Patrick Chevrier, lance un cri d’alarme. Ancien patron de pêche issu d’une longue tradition familiale rétaise, il a longtemps siégé au Comité régional des pêches. Même s’il a la satisfaction de voir aujourd’hui son fils Benjamin prendre la relève et poursuivre la pêche à bord de son bateau Jemapa, il dresse un constat amer et continue de se faire le porte-voix des derniers marins rétais.
« Dans les années 1960, l’île de Ré comptait plus de 150 bateaux de pêches dans les coureaux et au large, avec 600 marins rétais et plus de 180 emplois liés à la pêche. Je ne voudrais pas que ce soit la fin d’une belle époque. Je souhaite dire aux élus rétais que notre secteur de la petite pêche mérite d’être sauvé, encouragé. Nous participons à l’authenticité de l’île de Ré, à sa valeur ajoutée économique et touristique, comme tout le secteur primaire : agriculture, ostréiculture, viticulture. J’aimerais revoir les 54 bateaux de pêche qui ont assuré l’essor du port de La Flotte entre 1947 et 2013. De ces thoniers, chalutiers, caseyeurs, palangriers… il ne restait plus que 14 bateaux en 1980. Et pourtant à son apogée, la pêche flottaise générait 220 emplois maritimes, 30 emplois terrestres et 2500 à 3000 tonnes d’apports de poissons par an.
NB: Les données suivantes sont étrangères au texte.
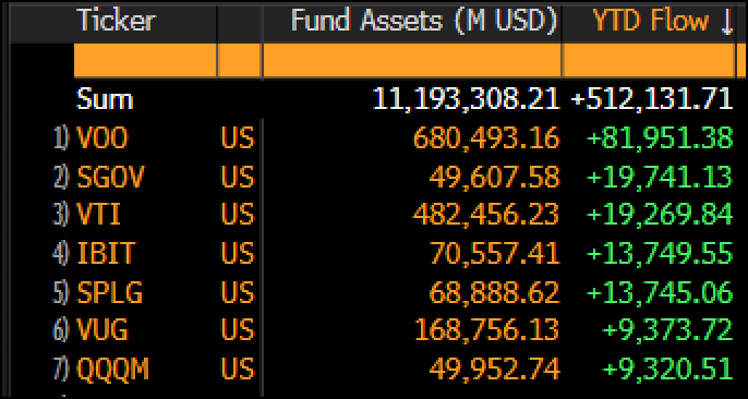 IBIT has taken over 4th place on the YTD flow leaderboard…passing SPLG (an ETF that tracks the SP500)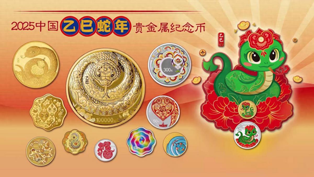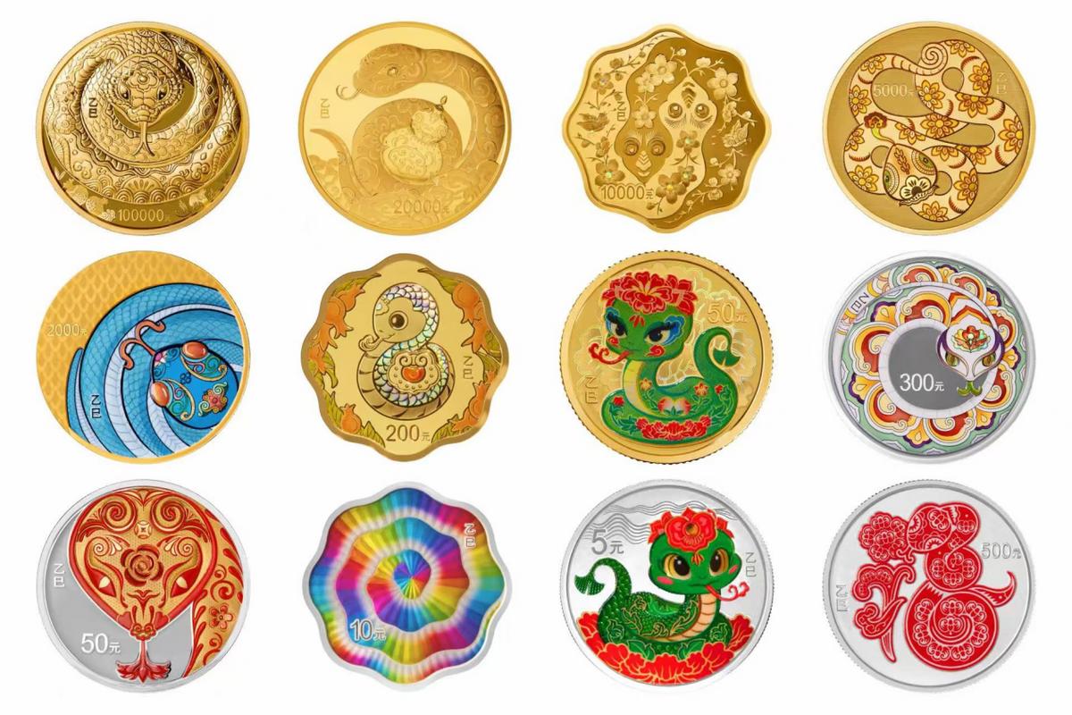 中國人民銀行發行的2025乙巳(蛇)年貴金屬紀念幣,一套包含12枚,分爲金、銀、鉑3種材質。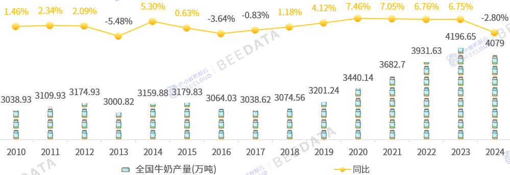 据国度统计局数据显示,2018~2023年来,中国牛奶产量已连增6年。2023年,中国牛奶产量初次以4197万吨冲破4000万吨;2024年回落至4079万吨、降幅约2。8%,但仍连结正在4000万吨以上。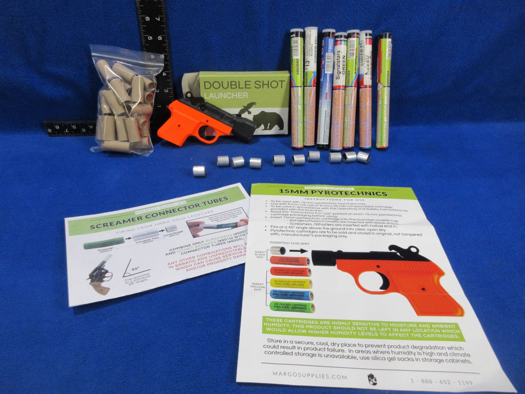 Margo Supplies 15MM Pyrotechnic Launcher with Flares - Double Shot Launcher with 7 Signal Stars Tubes and Connectors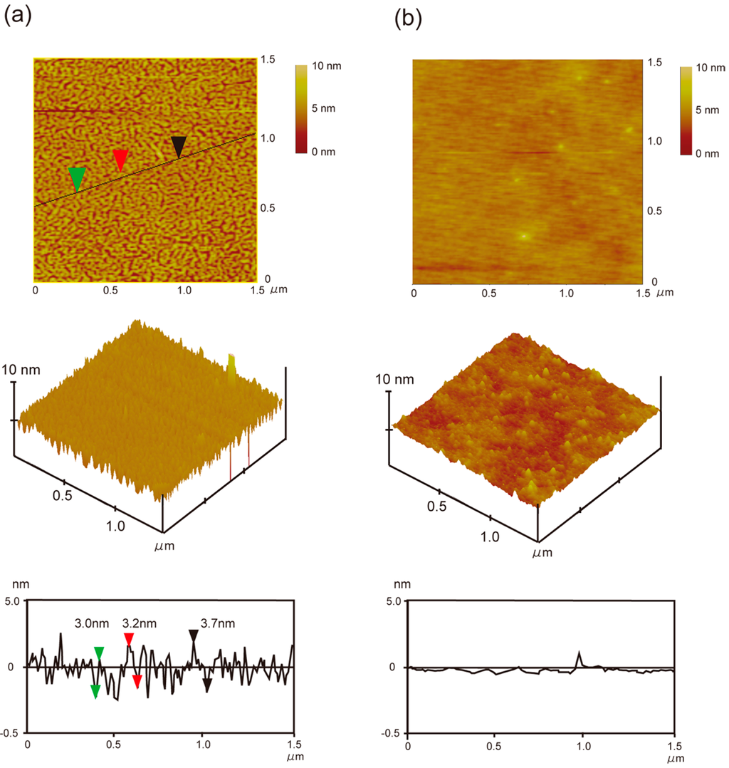 The self-assembling behavior of oligo(ELP)s with RGDS epitope onto hydrophobic substrates using the thermo-switchable conformation of the ELP segment was examined in order to fabricate the molecular layer for artificial ECM. Recently we have reported an effective and facile method for gold nanoparticle arrays guided by thermo-responsive oligo(ELP) [28]. Using such smart character of oligo(ELP) as a molecular guide, the 2D-organization of bio-functional groups will also be accomplished. To elucidate the selective adsorption of the oligo(ELP)s with RGDS epitope onto a solid substrate, we firstly prepared two glass substrates, a hydrophobic glass plate treated with octadecyltriethoxysilane and an untreated bare glass plate, providing hydrophobic (water contact angle: 115°) and hydrophilic (water contact angle: 20°) surfaces, respectively. The interaction of these glass plates with oligo(ELP)s was examined by separately immersing them into aqueous solutions of oligo(ELP)s (0.1 mg·mL−1) at 4 °C and then incubating overnight at 37 °C above the conformational transition temperature, and was confirmed via visualization with atomic force microscopy (AFM). AFM is a useful technique to evaluate the 3D structural features of a surface in nano-meter scale. It is, however, well known that the convolution of the scanning tip leads to an overestimation of the sample’s width. All sample dimensions were therefore estimated from the height of the surfaces in cross section.

Le denier thonier, le Louis-Monique de Pierre Pays, qui pêchait le thon sur les côtes espagnoles en marée de 30 jours, a effectué sa dernière saison en 1952 ».
Des raisons d’espérer : une pêche durable et raisonnée
Cinq bateaux sont encore en activité : L’Atlas à Saint-Martin, le Jason et le P’tit Jules à Ars, le Jemapa à La Flotte, et un bateau à Rivedoux. Cette petite flotille de pêche travaille pour survivre et perpétuer la tradition rétaise. Les raisons de ce déclin sont multiples et justifieraient une analyse approfondie dans un prochain article. Le marin pêcheur d’aujourd’hui est un technicien formé à la gestion de l’électronique embarquée pour l’assistance à la pêche, en capacité de cibler le mieux possible ses prises et d’oeuvrer pour la reconstitution des réserves halieutiques. « Les professionnels de la mer sont sensibilisés et formés pour gérer la ressource. La fermeture cette année de la pêche à la coquille Saint-Jacques est une des illustrations de nos divers engagements pour une pêche durable et raisonnée. Nous participons aux négociations sur les quotas de pêche et nous apportons notre expertise, parfois différente par ce que nous évaluons en mer. Comme par exemple pour lever l’interdiction de pêche de la raie brunette qui pullule sur nos côtes. Et puis pour les jeunes qui apprennent le métier, il y a des licences de pêche disponibles pour les pertuis ».
Les français aiment le poisson et en mangent une à deux fois par semaine. Avec 35 kg annuel par habitant, la France est le troisième consommateur européen. Et ce chiffre ne cesse de croître depuis dix ans. Sans les importations en provenance de la pêche et pisciculture étrangère, notre assiette serait vide de poisson six mois sur douze.
Alors pour assurer une production fraîche en circuit court et préserver nos pertuis de la présence de bateaux venus d’ailleurs, relancer la petite pêche locale et raisonnée n’est pas une question utopique… ni déraisonnable!